Wednesday 20 February 2019

Sunac buys $1.9bn of projects as China's housing market cools

Betting big: Sunac is deepening its investment in housing in Bejing (pictured) and Shanghai — even as China enters a predicted “year of recession”
Betting big: Sunac is deepening its investment in housing in Bejing (pictured) and Shanghai — even as China enters a predicted “year of recession”
Shanghai

Paul Panckhurst

Sunac China Holdings Ltd., the developer known for its aggressive debt-fuelled expansion, is buying projects in Beijing and Shanghai for almost $2bn just as the nation's property market cools.

Sunac is paying 12.6 billion yuan ($1.9bn) to purchase Oceanwide Construction Holdings Co., it said in a statement last Monday. The acquisition is a mix of debt and equity.

The housing market in Asia's biggest economy is entering what China International Capital Corp. has forecast will be a "year of recession." Sunac is at risk from tighter liquidity and rising funding costs because of its 232 percent net debt-to-equity ratio, with 34pc of debt maturing within a year, Bloomberg Intelligence reported last month.

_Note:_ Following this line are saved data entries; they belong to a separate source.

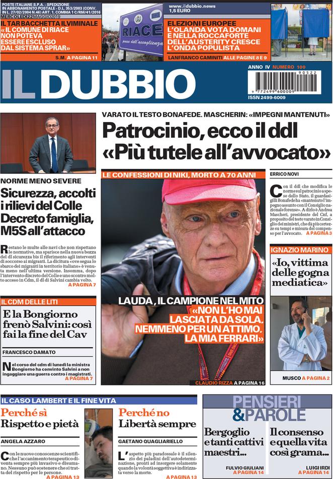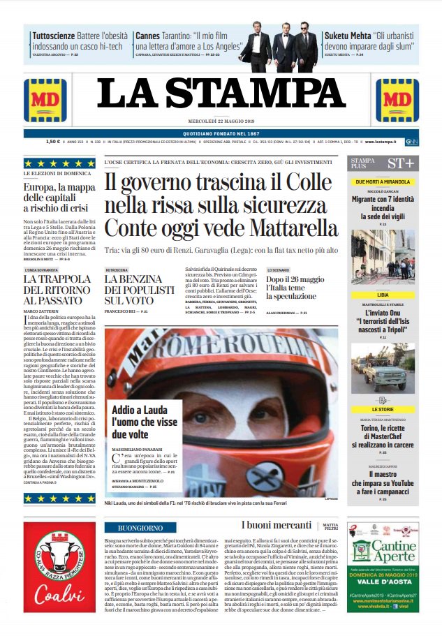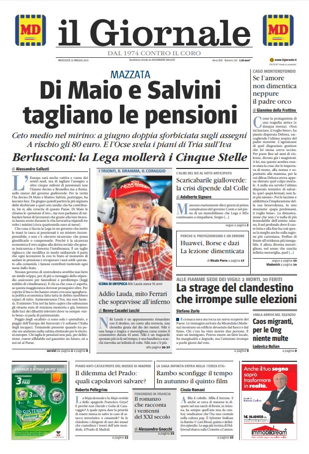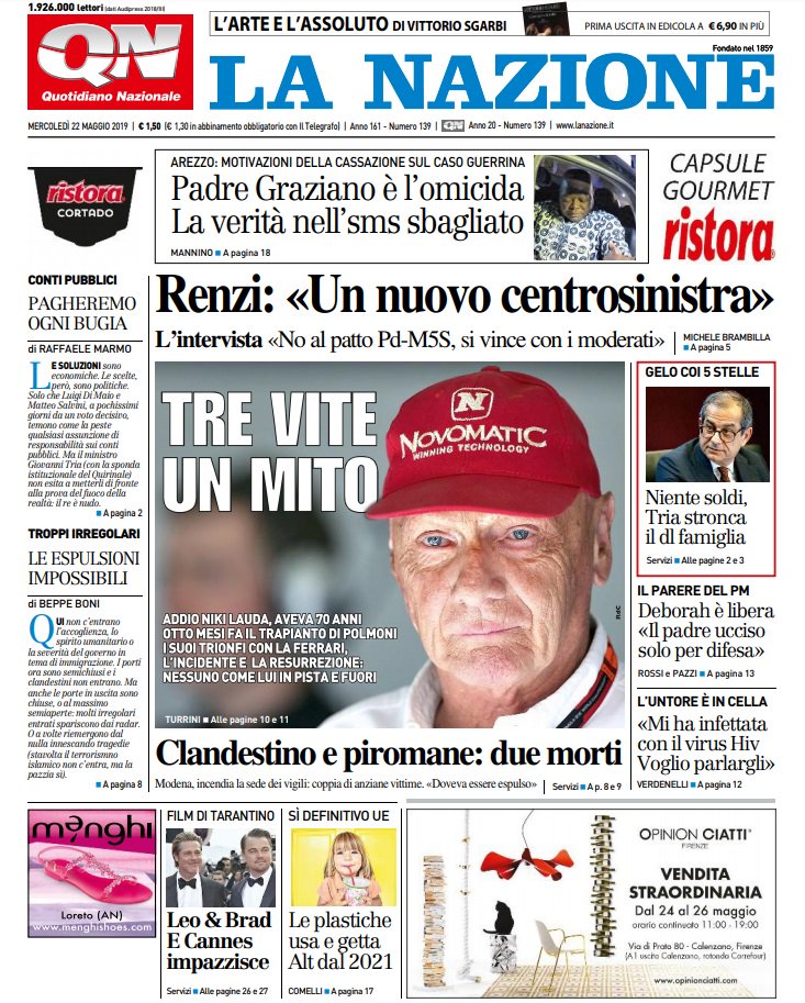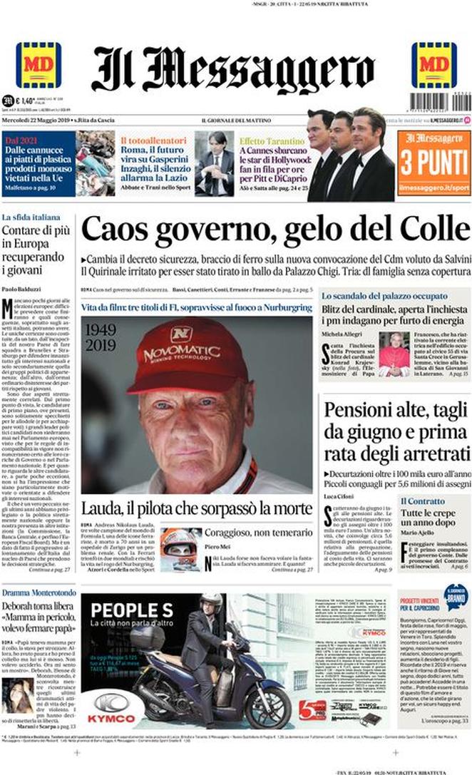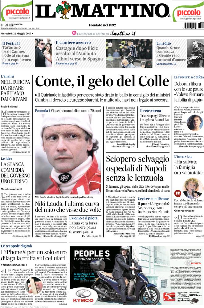 PRIME PAGINE QUOTIDIANI OGGI 22 MAGGIO – Ecco i titoli e le notizie sulle prime pagine dei quotidiani di oggi, mercoledì 22 maggio 2019. Le informazioni dai principali giornali italiani. Al centro del dibattito politico ci sono ancora le tensioni interne al governo alla vigilia delle Elezioni Europee, il no al decreto famiglia voluto dal capo politico M5S Luigi Di Maio e le tensioni sul decreto sicurezza bis, una battaglia dell’altro vicepremier, Matteo Salvini. Non poteva mancare un saluto al campione di Formula 1 Niki Lauda, tre volte campione del mondo, che ieri si è spento all’età di 70 anni.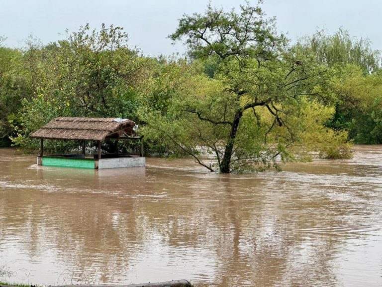 El caudal de agua es abundante y colocaron bandeja roja. El nivel de creciente se elevó incluso a sectores altos.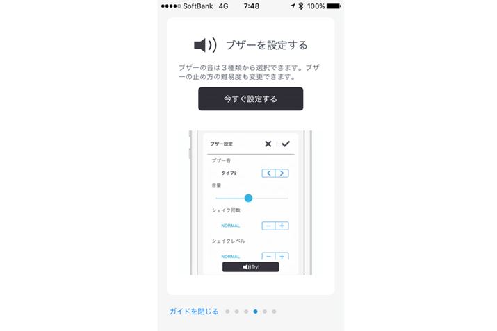 iOS端末とcloudiss本体をペアリングしたら、まずは最も重要なアラーム音の音色と音量、そしてシェイクの設定を行います。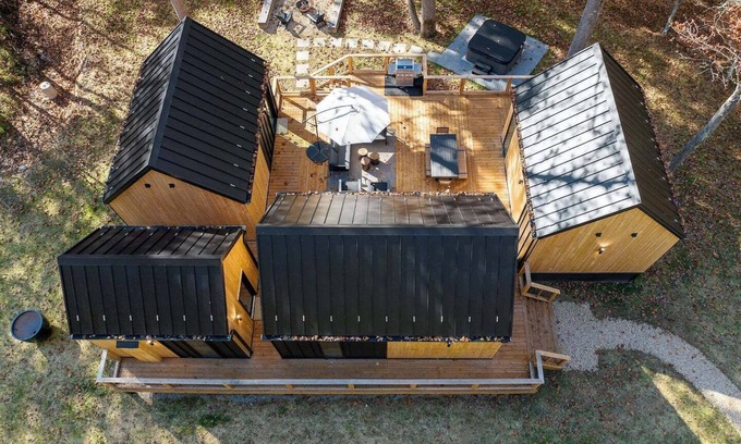 Introducing Villa Creek at Hugga In the Hills. Our pet free Scandinavian inspired DECONSTRUCTED villa; four unique buildings nestled within the heart of the Hocking Hills. Sprawling over 42 acres of private landscape, this is more than a getaway—it's an experience of outdoor living. Just a leisurely 3-4 miles from Cedar Falls and the storied Old Man's Cave, you're perfectly positioned to explore the natural wonders that define the Hocking Hills.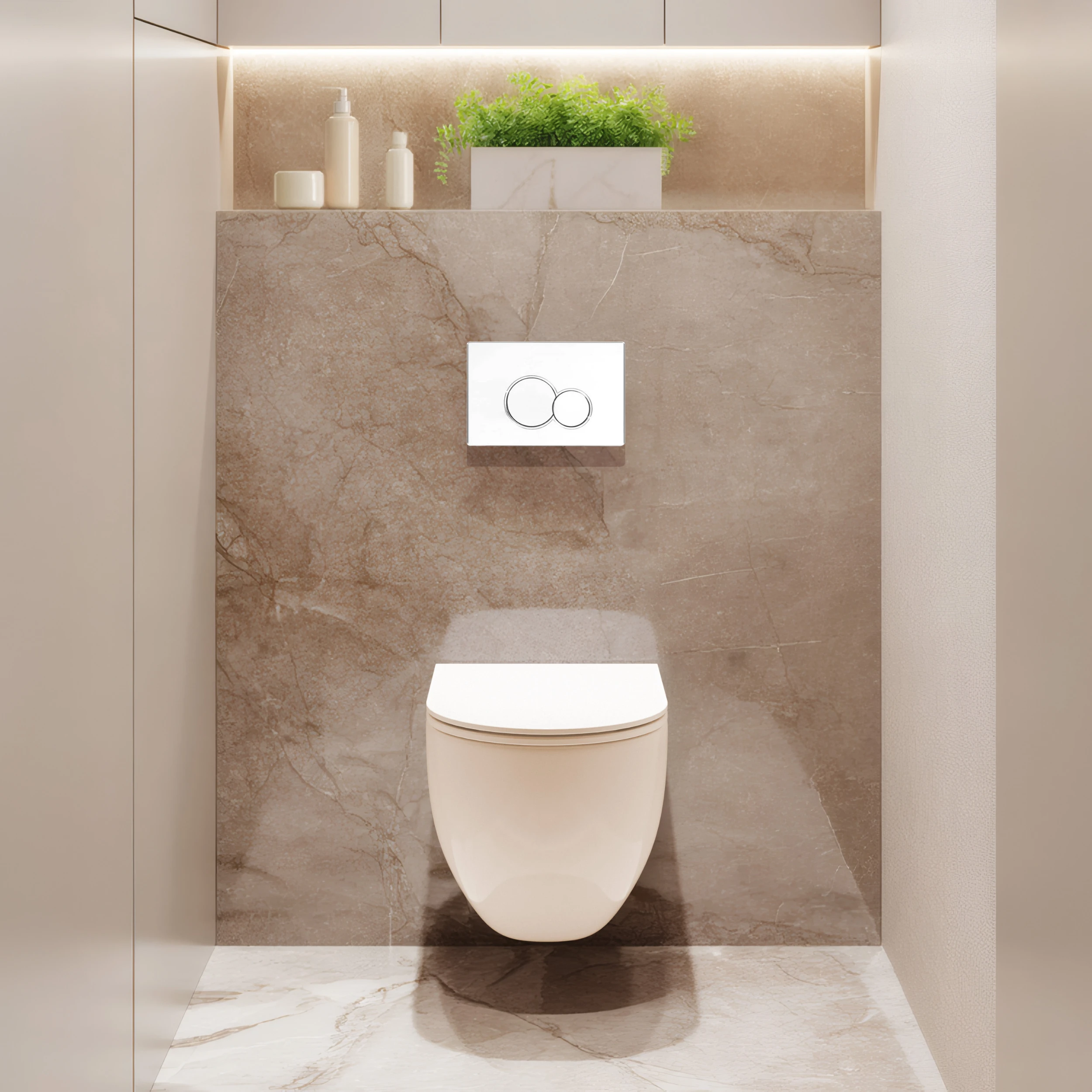 Zestaw podtynkowy WC Astri łączy funkcjonalność i estetykę w minimalistycznym wydaniu. Okrągła miska wisząca z wolnoopadającą deską slim hard i systemem łatwego wypinania to wygoda oraz prostota utrzymania czystości. Technologia cichego spłukiwania QFS i oszczędne spłukiwanie 3/6 l zapewniają komfort i ekologię.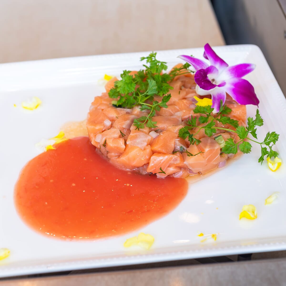 リリコイ(ハワイ語で“パッションフルーツ”)を使ったバターソースの香ばしい甘さが絶妙な「ローストサーモンリリコイバターソース」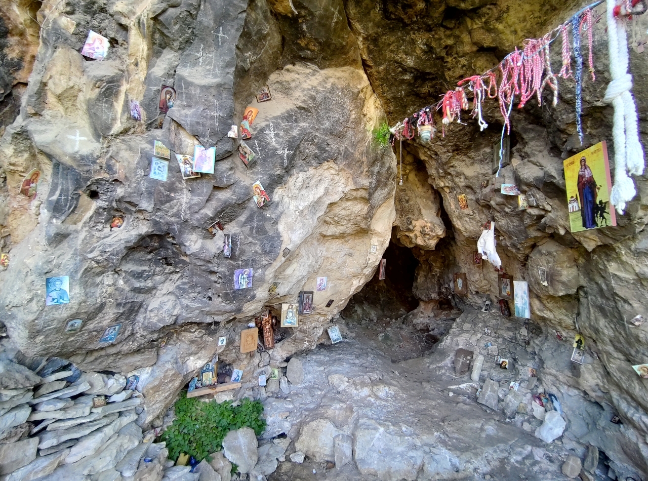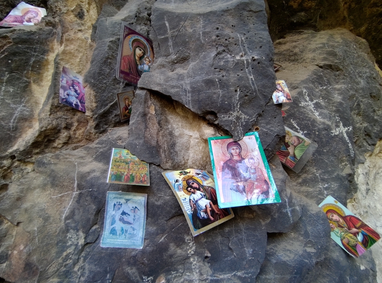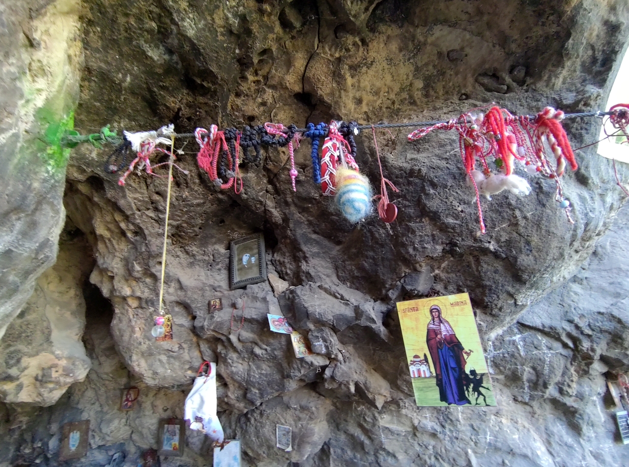 După cele 20 de minute am ajuns la un micuț altar într-o cornișă din stâncă, un loc unde o mulțime de turiști au lăsat urmele dorințelor și rugilor lor… Mărțișoare, iconițe, obiecte vestimentare…
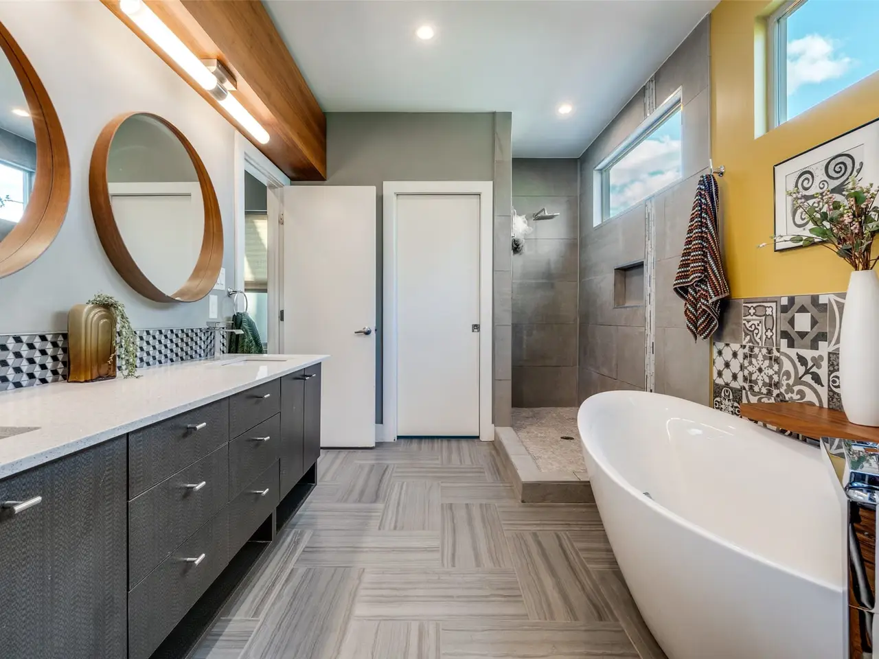 This modern showcase was completely rebuilt from the foundation up in 2018 by the owner builder. Open and modern floorplan has high ceilings and designer touches throughout the home, including a custom designed front door, modern staircase, see-through fireplace in the dining room, custom cabinets in the kitchen, custom finishes in all bathrooms and wood floors throughout. There's a covered front porch, an oversized, covered and picturesque deck in the rear and an open patio upstairs with a view! 2 bedrooms down and 3 bedrooms, including the primary, upstairs. There is an additional home office downstairs that is quiet and private. Two living areas allow everyone to have their own space! The home has two tankless water heaters and two HVAC systems, as well as solar panels on the roof which keep energy costs to a minimum.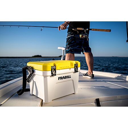 $39.99*:19-Quart Frabill Magnum Bait Station: Live Bait Well (White & Yellow)19.5” L x 11.5” W x 13.8” H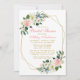 Cartão de Convite para Frames Geométricas de Chá de panela Floral Branco e Dourado Cor-de-Água Rosa - Texto Rosa e Dourado - Parte de Trás Rosa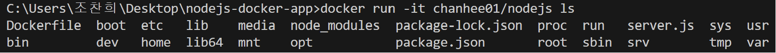 FROM node:10 COPY ./ ./ RUN npm install CMD ["node", "server.js"]docker build -t chanhee01/nodejs ./로 빌드를 해보고 run을 해보면 아래와 같이 서버가 작동한다는 로그가 뜬다.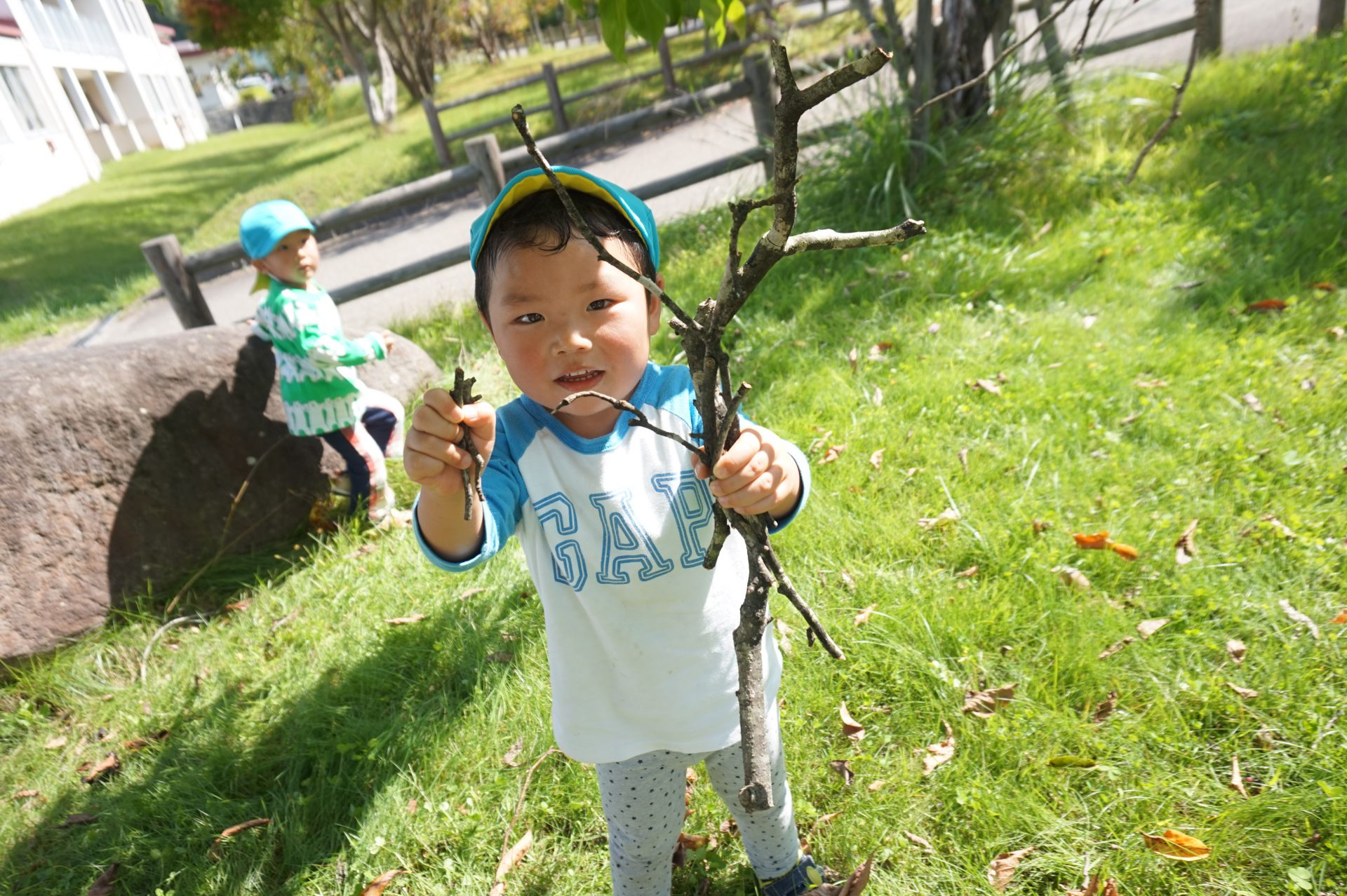 カレー会で使う木(薪)見つかるかな?保育士が声をかけると、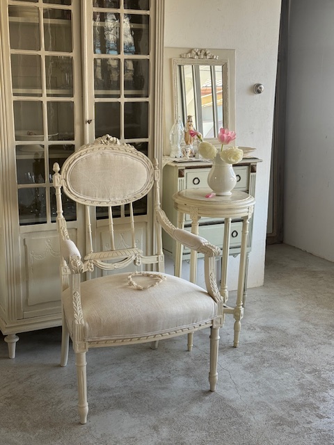 リボンモチーフ装飾付き サロンアームチェア(同型2脚入荷)

Still, property analysts forecast that real estate will fare better in 2019 in the larger cities - such as Beijing and Shanghai - than in the smaller ones, where caps on shantytown-redevelopment spending may inhibit demand. And while Sunac stands out for its debt, the firm has also been a leader for profit growth.

The Beijing project that Sunac is acquiring is in the city's Chaoyang district, and mainly focused on residential, commercial, office and hotel sites. The Shanghai project, in Huangpu district, is for residential and commercial development.

National housing sales in China may tumble 10pc this year, HSBC Holdings Plc analyst Michelle Kwok said in a report earlier this month. However, the residential market is "far from entering a severe downturn," she wrote.

Sunac has lately been in the news because of Chairman Sun Hongbin joining fellow tycoons in transferring $17bn of their wealth into family trusts as China toughens its tax regime.

Sun's transfer, made on New Year's Eve, was for $4.5bn. In 2017, his fortune more than tripled, the latest twist in a career that has involved a stint in jail and the forced sale of a developer he once predicted to become the nation's largest. Sun and his family members are beneficiaries of the trust. His son, Kevin Zheyi Sun, was appointed as a Sunac executive director in May 2017. He was 27 at the time.

Sunac's stock has been in decline since its 2017 peak after an ill-fated attempt to offer a lifeline to Internet company Leshi Internet Information & Technology.